There is no documentary proof that the Liberty Bell actually rang to announce the Declaration of Independence in July of 1776. But if it did not, it must have seemed strange to the citizens of Philadelphia. The Liberty Bell, like all other town bells, was there for a reason. Bells and bell-ringing were an important part of everyone’s life two centuries ago, indispensable chroniclers of each passing day.

Town-hall steeple bells did not customarily strike the hours in the eighteenth century, but they did strike three daytime signals: six in the morning (when most people got up), noon, and nine in the evening for curfew. Often curfew was followed by a “count-strike” so that people could properly date their diaries before retiring. Calls to court, town meetings, church services, and even (in small villages) announcements of births and deaths were all part of a kind of Morse code that everybody understood. Deaths were rung only by church bell, usually after the rising peal at six; the age of the deceased was sometimes rung too. Executions were rung from the instant the gallows did its work: the toll for a man was “three times three,” and for a woman, “three times two.” Town bells also rang for emergencies like fires, and to call the people to get important news in the town square as soon as a bulletin arrived by horse and rider.

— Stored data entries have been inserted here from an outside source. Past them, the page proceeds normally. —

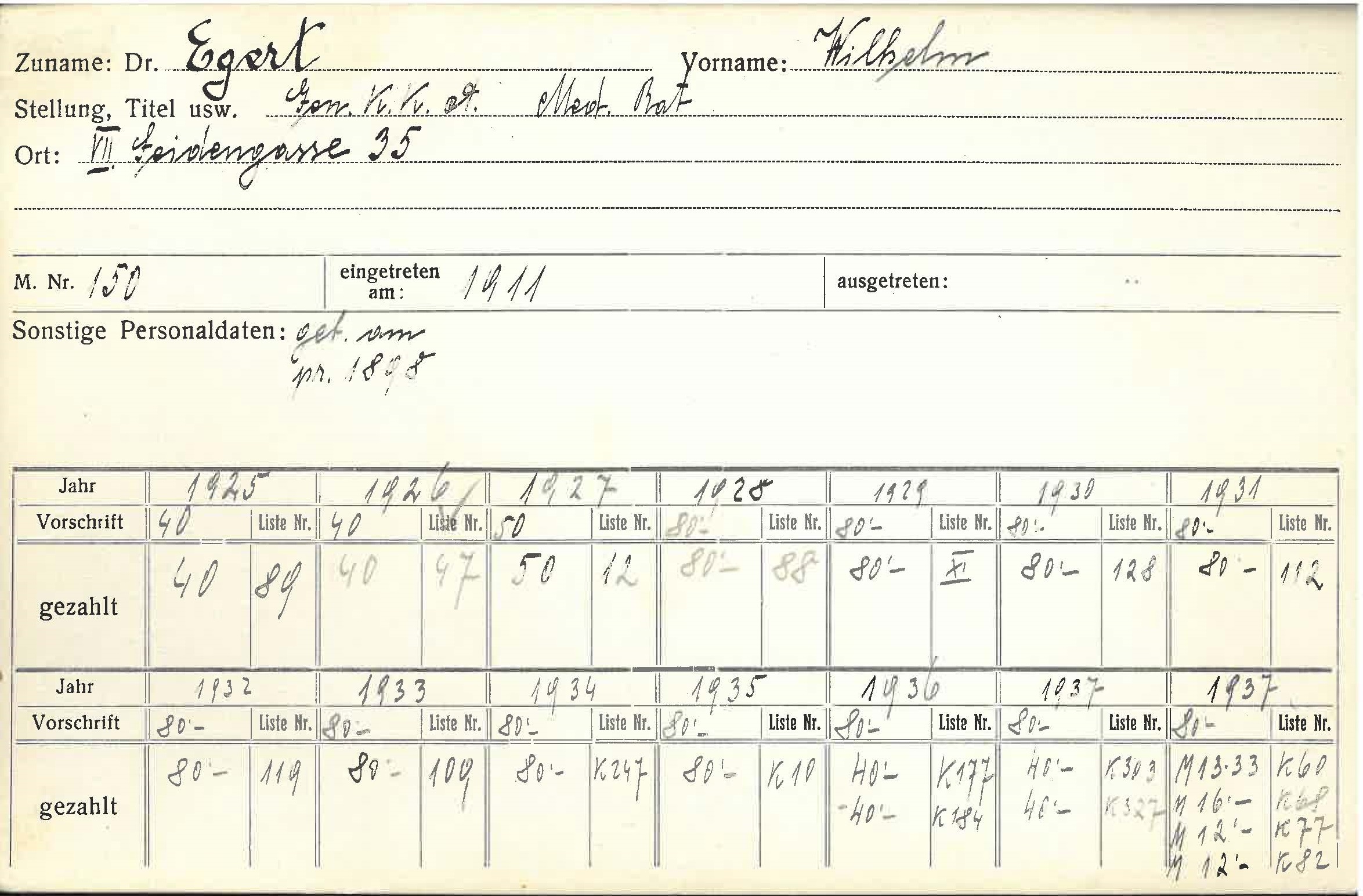 Egert stirbt am 7.6.1944 in Wien unter ungeklärten Umständen. Egert hielt nach Isidor Fischer keine Vorträge in der Gesellschaft der Ärzte in Wien.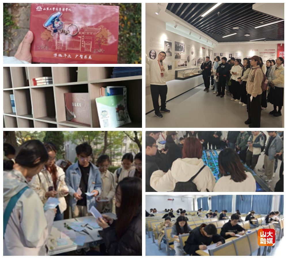 “校园寻宝”环节中,同学们化身“校园寻宝探险家”,在限定时间内奔赴校园各个角落开启搜寻之旅。中心花园的长凳下、号院的丁香树丛旁、“金兰之谊”雕像的基座边,都留下了大家驻足寻觅的身影,定制文创便藏在这些承载着岁月记忆的角落中。“史馆探秘”环节中,宣讲团的讲解员们化身“历史引路人”,带领大家走进崭新的齐鲁医学史馆,开启一场跨越时空的医学文脉之旅。馆内的珍贵史料、老物件与图文展板相映成趣,讲解员们以生动叙事串联起齐鲁医学的百年发展脉络——从初创时的薪火微光,到炮火中的砥砺前行,再到新时代的薪火相传。紧随其后的“游园打卡”环节更是趣味盎然。宣讲团的讲解员们在教学三楼、教学五楼、教学八楼及四百号院等标志性地点设立打卡点,生动讲述趵突泉校区的古建筑背后承载的岁月故事。活动现场氛围热烈,同学们踊跃参与答题互动,在趣味问答中深化对校园历史与医学文脉的认知。完成挑战还能领取定制主题明信片并加盖专属印章,既定格了这场沉浸式学习的美好记忆,更让齐鲁医学的历史底蕴在边走边学、边答边悟中深入人心。压轴环节“知识竞赛”中,同学们凝神思索、认真作答,在一个个医学史知识点的交锋碰撞中,触摸齐鲁医学跨越百年的历史温度;在对发展脉络的梳理回溯中,体悟“医者仁心”的厚重分量与精神传承。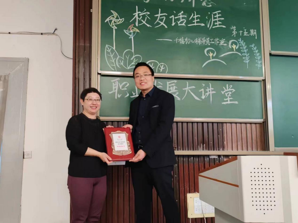 会后,李秀玲老师为常刚刚学长颁发了“中北大学职业发展与就业创业特聘导师”讲牌,希望常刚刚学长能以专业的水准持续为我院学生提供生涯指导。

Bell-ringing was an art in those days—especially, of course, if a town or church steeple had a set of matched or harmonized bells. A veteran could manage three bells at once—one rope with each hand, and the third with a practiced foot. Even a single bell, according to early accounts, could be rung “joyously,” “solemnly,” “alarmingly,” or “informingly”: you had to know iust how to pull on the rooe.

America’s first bells were brought from the Old Country, but it wasn’t long before native casters were hard at work. Everyone knows that Pass and Stow cast the Liberty Bell; they saw to it that their names showed prominently on the bell itself. It is not so well known that Paul Revere was one of America’s great bell-makers: his shop in Boston cast over four hundred church bells. By the nineteenth century there was a thriving business in smaller bells, too, centered in East Hampton, Connecticut, whose factories made some two hundred different types. Sleigh bells were a necessity in winter, and farmers ordered various kinds of cow and sheep bells. They could be purchased “tuned to accord,” so that the farmer could distinguish his animals from a neighbor’s, sight unseen.

Whether the Liberty Bell rang the adoption of the Declaration of Independence may never be known: but it can reasonably be assumed. Certainly the Fourth of July was, until Civil War times, a day of bells. People carried bells with them wherever they went, and town bells rang from morning till night. It would be a good custom to revive; for firecrackers make the noise of war, while bells sound the note of freedom.